This article originally appeared in the San Francisco Chronicle on May 28, 2014.
Most parents are distracted drivers, and not because they have a baby on board or kids in tow, a recent study finds.
About two-thirds of parents surveyed admitted to talking on cell phones while driving a child, and 15 percent said they’ve texted with kids in the car. Nine out of 10 confessed to at least one distraction while driving youngsters in the past month.
The diversions ranged from eating, drinking or smoking to changing a CD or DVD and browsing the Web. Talking on a phone and texting were in there, too, as were reading maps or using a GPS, personal grooming, feeding a child, or picking up items from the car floor.
Researchers from the University of Michigan published the findings last month in the journal Academic Pediatrics. They surveyed 570 parents with children ages 1 to 12.

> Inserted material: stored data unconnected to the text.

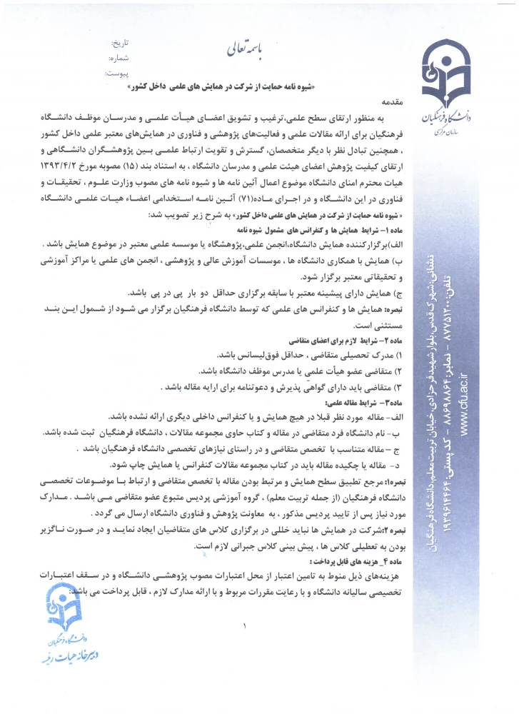شیوه نامه حمایت از شرکت مدرسان و اعضای هیئت علمی در همایش های علمی داخل کشور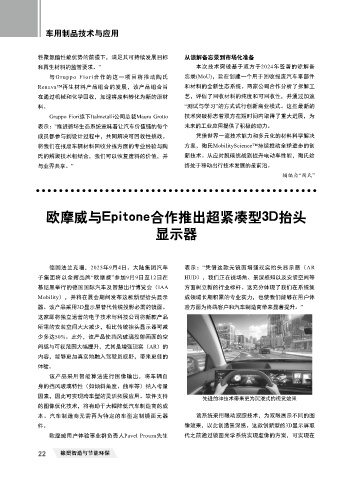 器。该产品采用3D显示屏替代传统投影必需的镜面。 验方面为终端客户和汽车制造商带来显著提升。”
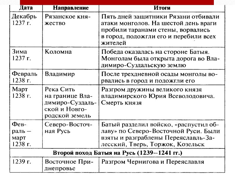 Результаты 2 похода батыя
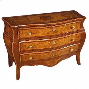 20th century Italian dresser. Moved and curved Louis XV style cabinet inlaid in walnut, bois de rose, maple, briar and fruit woods. Chest of drawers of beautiful line and pleasant furnishings with three drawers of good capacity, complete with three working keys. Wooden upper surface in good size and service with some minor signs of wear. Dresser adorned with rosettes on front, sides and top (see photo). Chest of drawers ideal for inclusion in a bedroom or living room, for antique dealers and interior decorators. Cabinet is part of a complete set of bedside tables (see photo and ask for block price if available). Structurally sound and in good condition.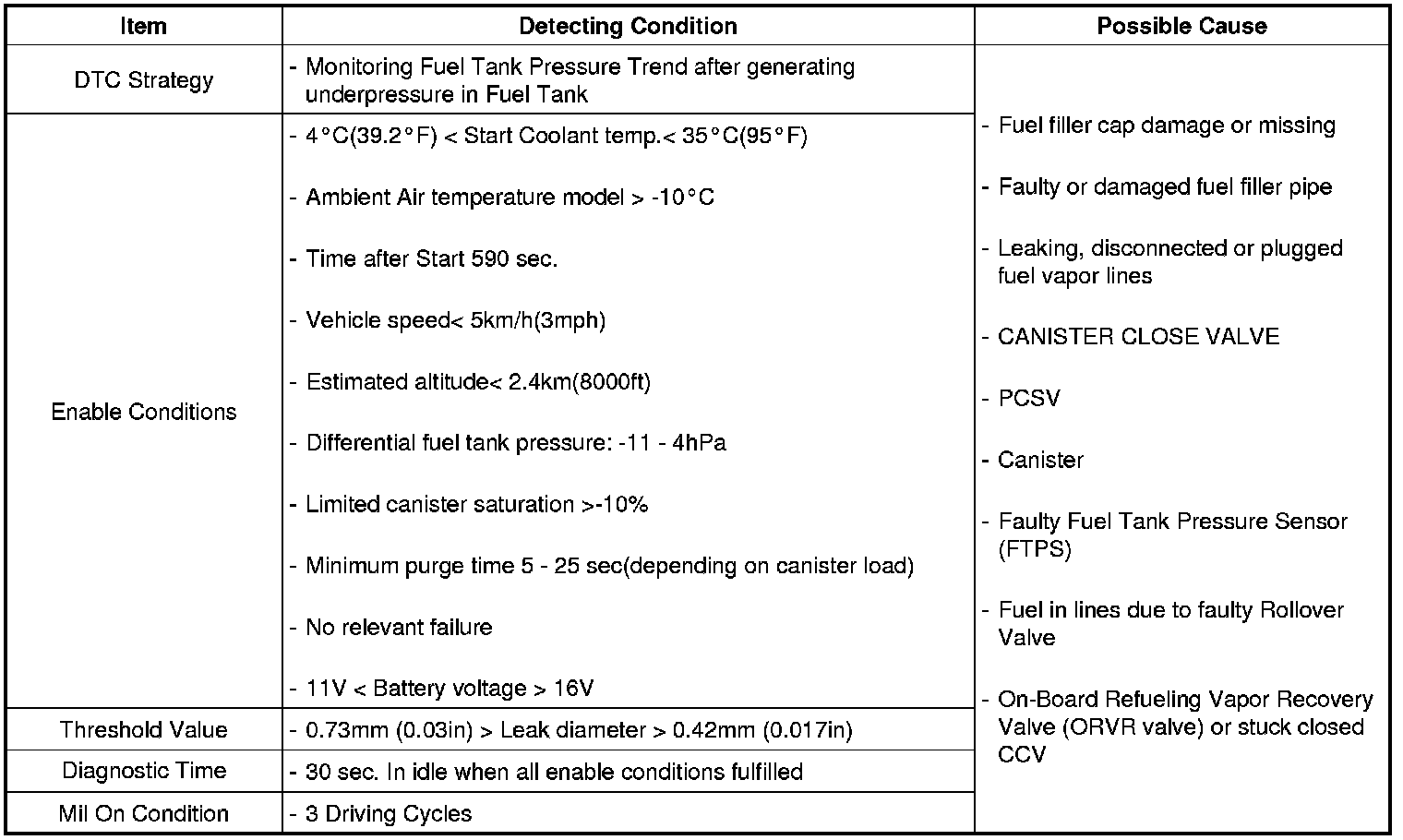 The PCM closes the Canister Close Valve (CCV) at the charcoal canister to seal off the evaporative emission system and then opens purge control valve (PCSV) to generate a vacuum in the fuel tank. After vacuum generation, the PCM measures pressure differential curve in the fuel tank and sets DTC P0442 or P0456 if the vacuum generated within a monitoring period increases above a defined threshold.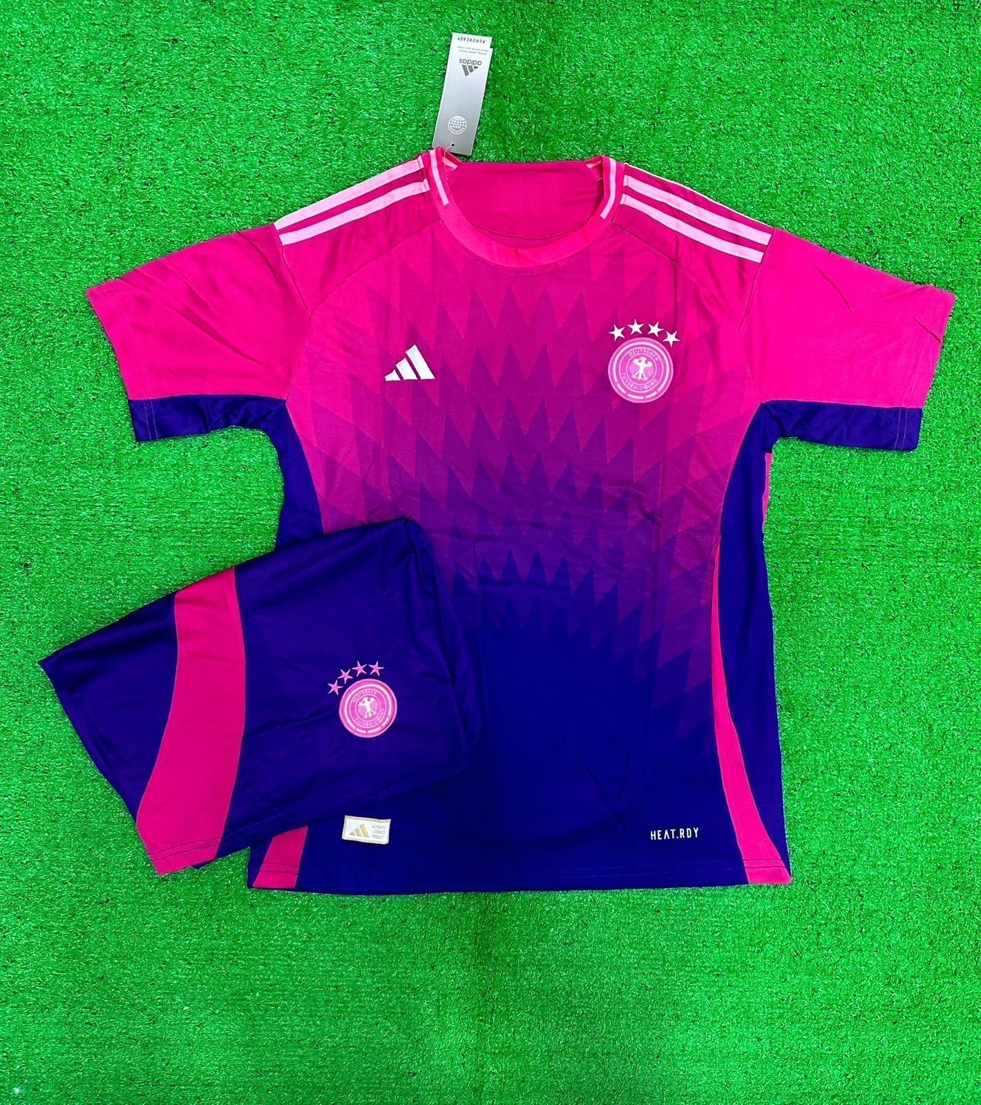 Support Germany in style with the Germany Away Set (Jersey and Shorts) 2024. This high-quality set is crafted with breathable, lightweight fabric to keep you cool and comfortable whether you’re on the pitch or cheering from the stands. Designed for both performance and everyday wear, it’s a must-have for true Germany fans.

Parents with kids ages 2 to 8 were the most likely to report distractions related to feeding, comforting or entertaining them. Moms and dads who were white and parents who had higher levels of education were the most likely to admit cell phone or GPS-related distractions.
“If this finding is a result of greater access to technology among more highly educated and non-Hispanic white parents, we can expect the problem of technology-based distractions to expand because national rates of cell phone ownership in the U.S. have climbed above 90 percent,” the study’s lead author Dr. Michelle L. Macy said in a statement.
Macy said the study has serious implications. Distracted driving caused about 1 in 6 fatal U.S. vehicle collisions in 2008, and she suspects that rate has increased.